Gawaya Tegulle offers a critical African perspective on some of the principal assumptions behind the present EU-Africa relationship. Thus, in his view European development aid has only fuelled patronage networks and thus perpetuated dependencies. As Official Development Assistance (ODA) continues to flow reliably, African leaders have become less dependent on their own people to ensure political and economic survival. Tegulle also deplores European double standards in its dealing with African states when geopolitical and economic interest come into play. Finally, the author faults the European policy of relying on African review mechanisms to ensure "good governance", especially on the "African Peer Review Mechanism" (APRM). He argues that "[v]ery few African countries have the moral authority to indulge a meaningful peer review process" and that the principle "despots watching themselves" does not work. Tegulle does not oppose closer EU-African relations but suggests a more pragmatic approach, which would not be restricted to governmental contacts but place greater emphasis on people-to-people exchanges. His hope is that in the future a new breed of African leaders, who would be more responsive to the need of ordinary Africans, will take over.
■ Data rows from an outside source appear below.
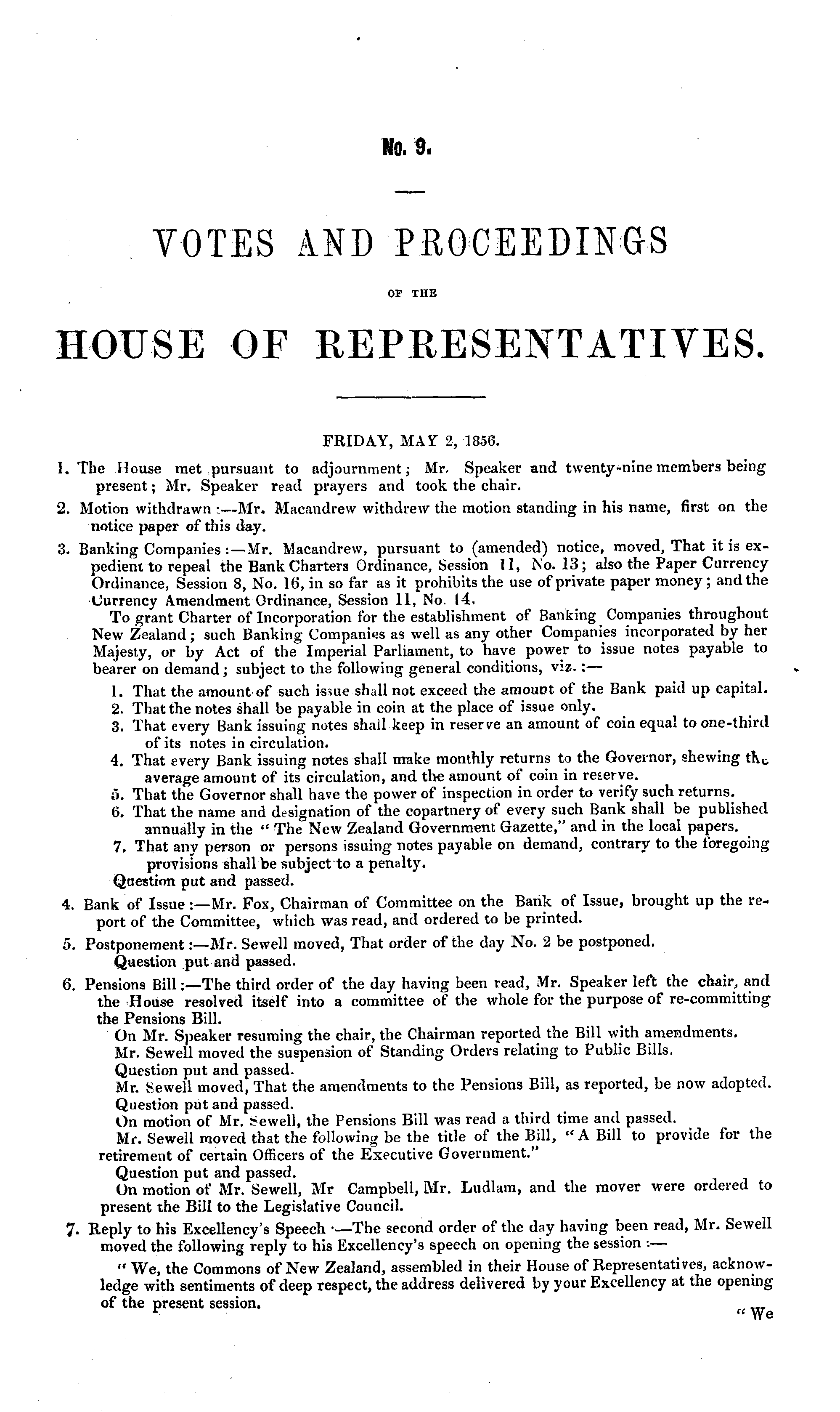 FRIDAY, MA5f 2, 1856. 1. The House met pursuant to adjournment; Mr. Speaker and twenty-nine members being present; Mr. Speaker read prayers and took the chair. 2. Motion withdrawn • —Mr. Macandrew withdrew the motion standing in his name, first on the notice paper of this day. 3. Banking Companies :—Mr. Macandrew, pursuant to (amended) notice, moved, That it is expedient to repeal the Bank Charters Ordinance, Session 11, No. 13; also the Paper Currency Ordinance, Session 8, No. 16, in so far as it prohibits the use of private paper money ; and the Currency Amendment Ordinance, Session 11, No. 14. To grant Charter of Incorporation for the establishment of Banking Companies throughout New Zealand; such Banking Companies as well as any other Companies incorporated by her Majesty, or by Act of the Imperial Parliament, to have power to issue notes payable to bearer on demand; subject to the following general conditions, v:z. : — 1. That the amount of such issue shall not exceed the amount of the Bank paid up capital. 2. That the notes shall be payable in coin at the place of issue only. 3. That every Bank issuing notes shall keep in reserve an amount of coin equal to one-third of its notes in circulation. 4. That every Bank issuing notes shall make monthly returns to the Governor, shewing tK u average amount of its circulation, and the amount ot coin in reserve. That the Governor shall have the power of inspection in order to verity such returns. C. That the name and designation of the copartnery of every such Bank shall be published annually in the " The New Zealand Government Gazette," and in the local papers. 7. That any person or persons issuing notes payable on demand, contrary to the foregoing provisions shall be subject to a penalty. Question put and passed. 4. Bank of Issue Mr. Fox, Chairman of Committee on the Bank of Issue, brought up the report of the Committee, which was read, and ordered to be printed. 5. Postponement:—Mr. Sewell moved, That order of the day No. 2 be postponed. Question put and passed. 6. Pensions Bill: —The third order of the day having been read, Mr. Speaker left the chair, and the House resolved itself into a committee of the whole for the purpose of re-committing the Pensions Bill. On Mr. Speaker resuming the chair, the Chairman reported the Bill with amendments. Mr. Sewell moved the suspension of Standing Orders relating to Public Bills. Question put and passed. Mr. Sewell moved, That the amendments to the Pensions Bill, as reported, be now adopted. Question put and passed. On motion of Mr. Sewell, the Pensions Bill was read a third time and passed. Mr. Sewell moved that the following be the title of the Bill, "A Bill to provide for the retirement of certain Officers of the Executive Government.' Question put and passed. On motion of Mr. Sewell, Mr Campbell, Mr. Ludlam, and the mover were ordered to present the Bill to the Legislative Council. 7. Reply to his Excellency's Speech • —The second order of the day having been read, Mr. Sewell moved the following reply to his Excellency's speech on opening the session ■■ — " We, the Commons of New Zealand, assembled in their House of Representatives, acknowledge with sentiments of deep respect, the address delivered by your Excellency at the opening of the present session.
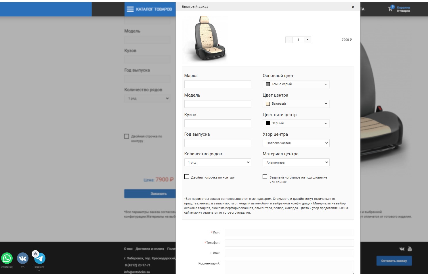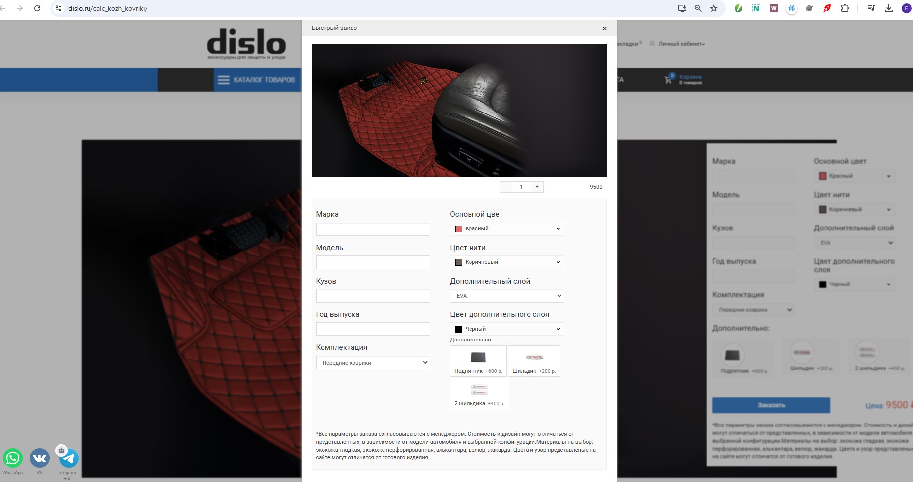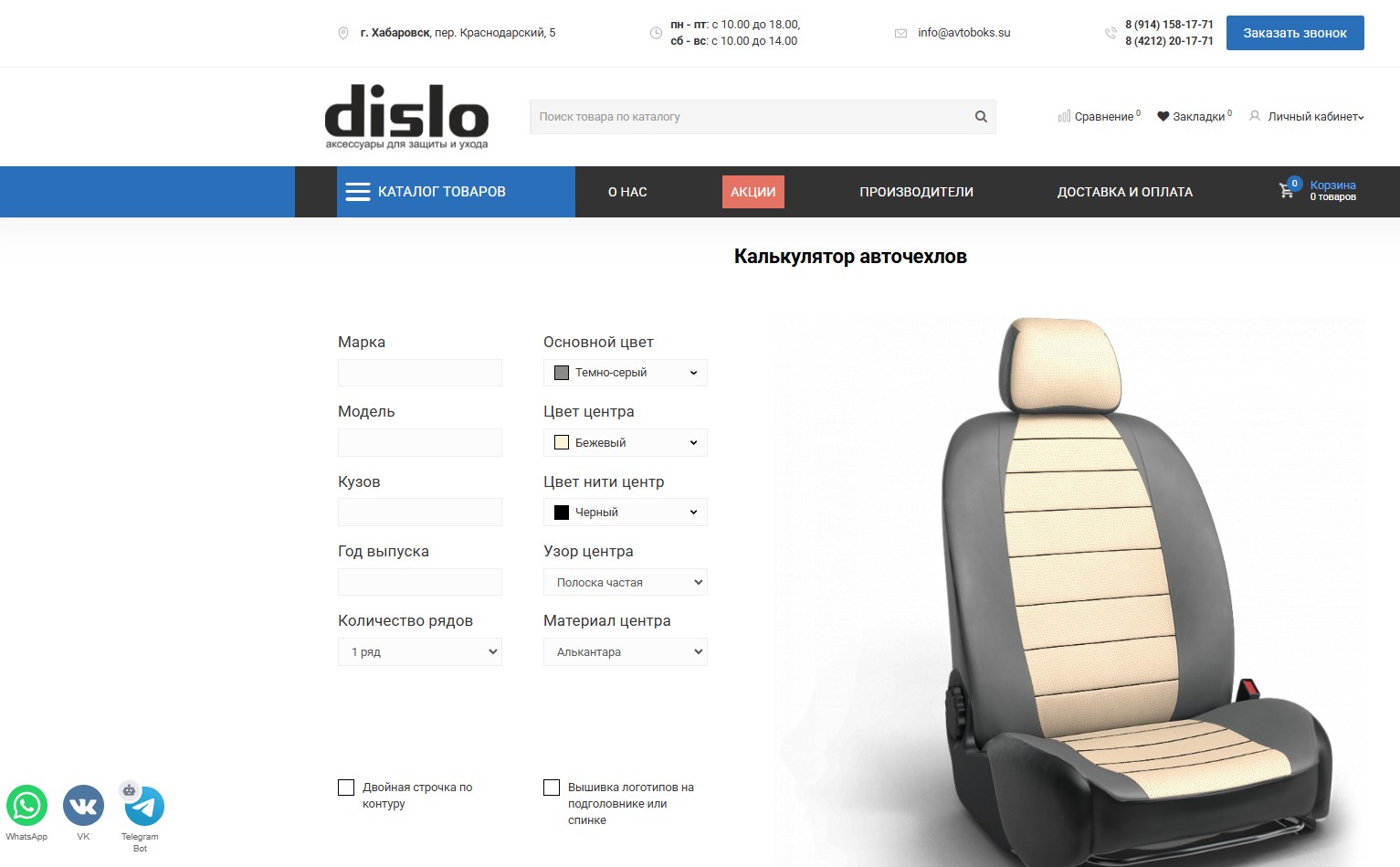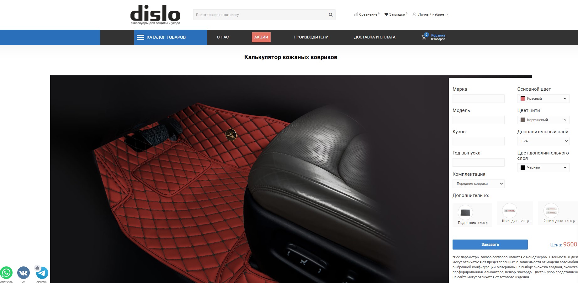 Калькулятор и система заказа авточехлов и автоковриков с визуальным отображением по параметрам, просчетом стоимостей, формированием и отправкой заявок менеджерам компании.
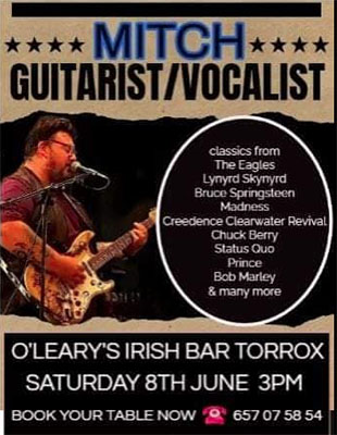 NERJA – De zanger en gitarist Mitch treedt zaterdagmiddag 8 juni op bij O’Leary’s Irish Bar in de kustplaats Torrox. Het optreden begint rond de klok van 15.00 uur, de toegang is vrij.
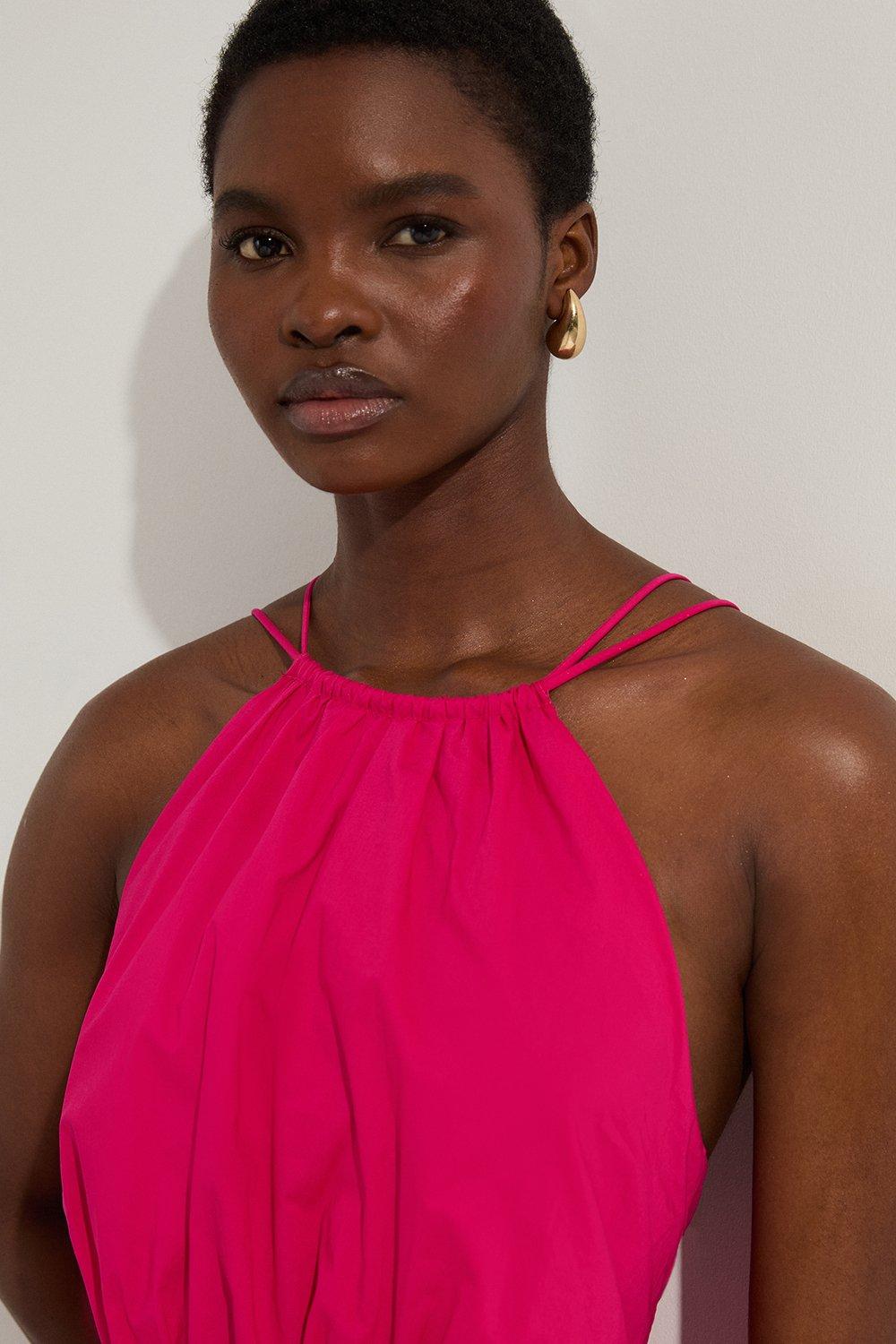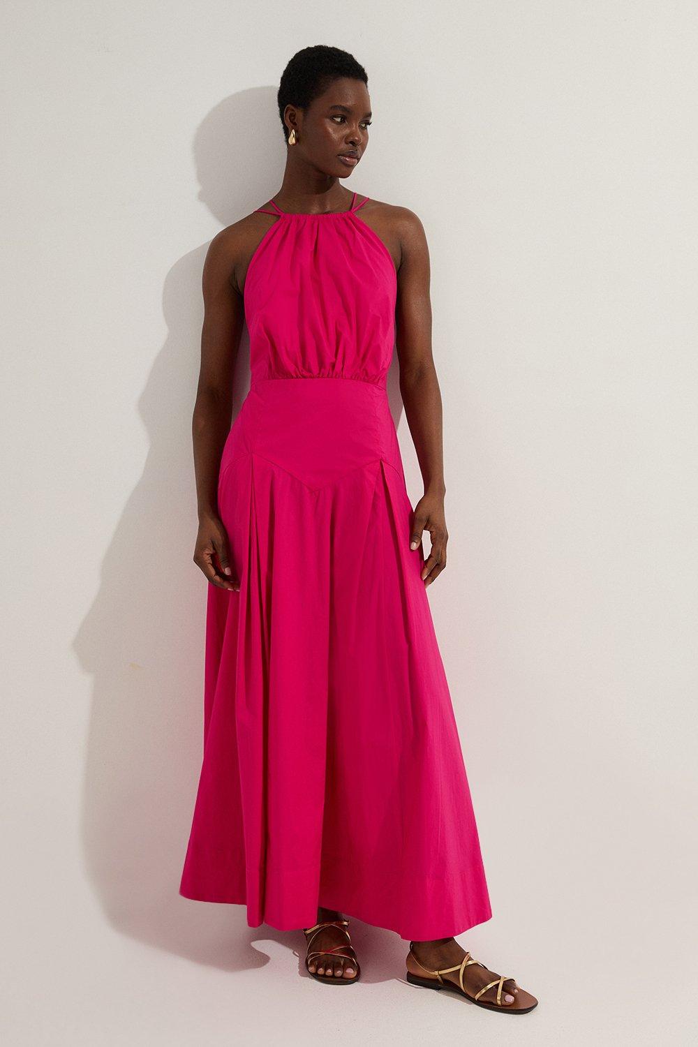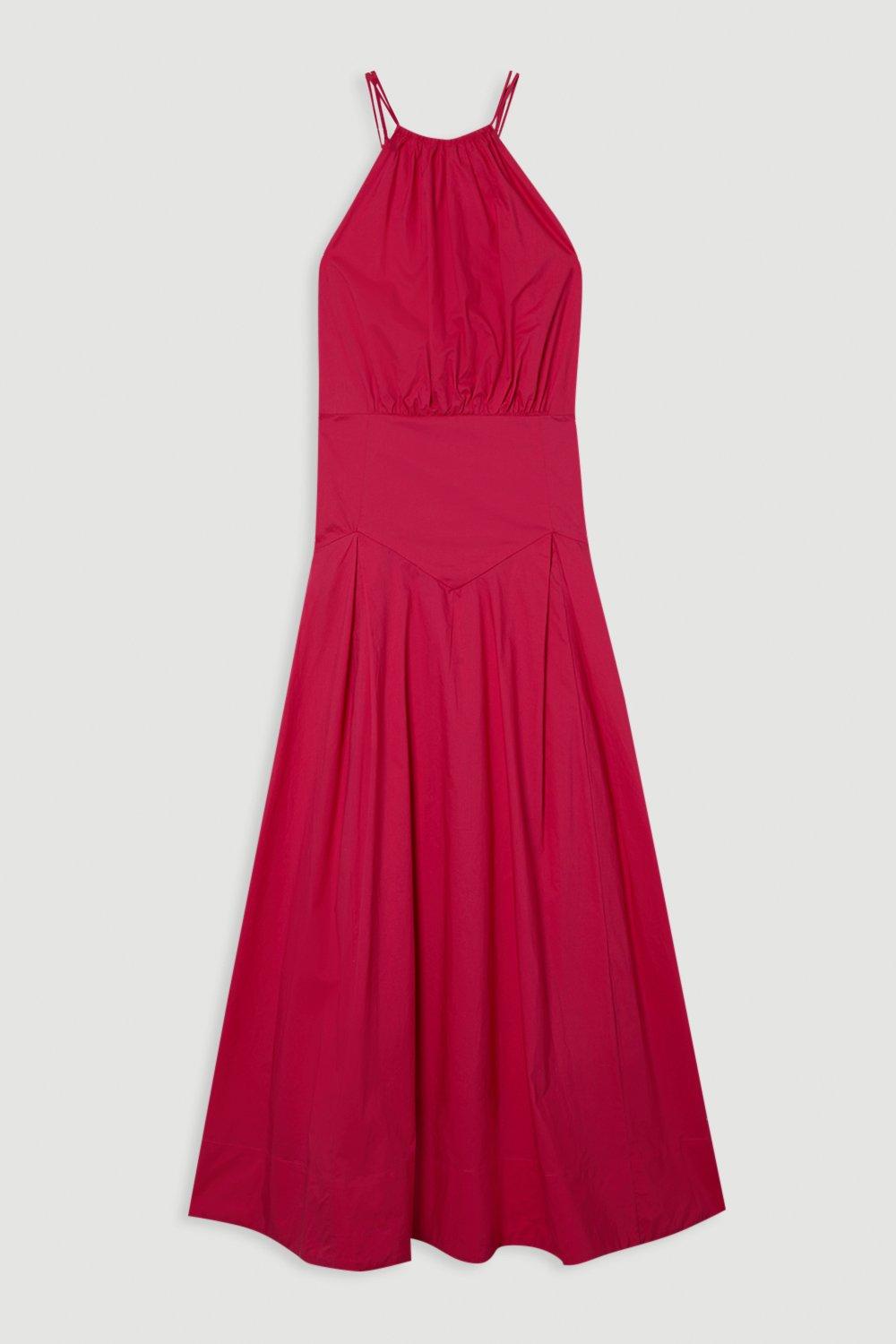 Cotton Halter Neck Woven Midi Dress with Dropped Waist Detail

The final contribution by Corinna Heuer, Klaus Paehler and Denis Schrey portrays the roles and work of German political foundations in the EU-Africa relationship from a practitioner's perspective. To illustrate their points, the authors offer two case studies of the Konrad-Adenauer Foundation's activities in Nigeria and in West African countries. Heuer, Paehler and Schrey argue that political foundations, as well as other non-governmental organizations (NGOs), have opportunities to act where official development cooperation must exercise restraint. Unlike official government-to-government relations, they have direct links to the political opposition , trade unions and other forces of civil society. Their focus is thus on civil society and human development in Africa. Against this background, the authors argue that German and European political foundations can significantly contribute to the implementation of the Africa-EU Strategic Partnership which was launched in 2007, especially in the partnership's second thematic pillar, "Democratic Governance and Human Rights". As becomes clear in the case studies of this contribution, the support of African parliaments on the national, regional or local level is one crucial element where foreign political foundations can make a difference through training programs.

Almost two decades after the end of the Cold War, Africa is surely back on the international agenda. It is unfortunate for the continent that this is unlikely to result in a better and more equitable integration into world markets, more political weight in international organizations or a broad societal modernization any time soon. What it does mean is that external political and economic interests and involvement in Africa will intensify and that foreign aid will continue to flow or even rise. In this context, the challenge for Africa will be to develop a common understanding of its long-term self-interests and the capacities and institutions to implement them. In short, it needs to evolve from an object of foreign interests and aid towards an active subject. The existing pan-African structures, such as the AU, currently do not seem to be up to this task. For the European Union, the challenge will therefore be to pursue a coherent policy which does not sacrifice long-term benefits to short term economic gains. The way towards a strategic partnership between a self-conscious Africa and a coherent and responsible European Union is still quite long.

Marco Overhaus is currently completing his PhD dissertation on German security policy within NATO since the end of the Cold War. He is also director of the information and research platform Deutsche-Außenpolitik.de.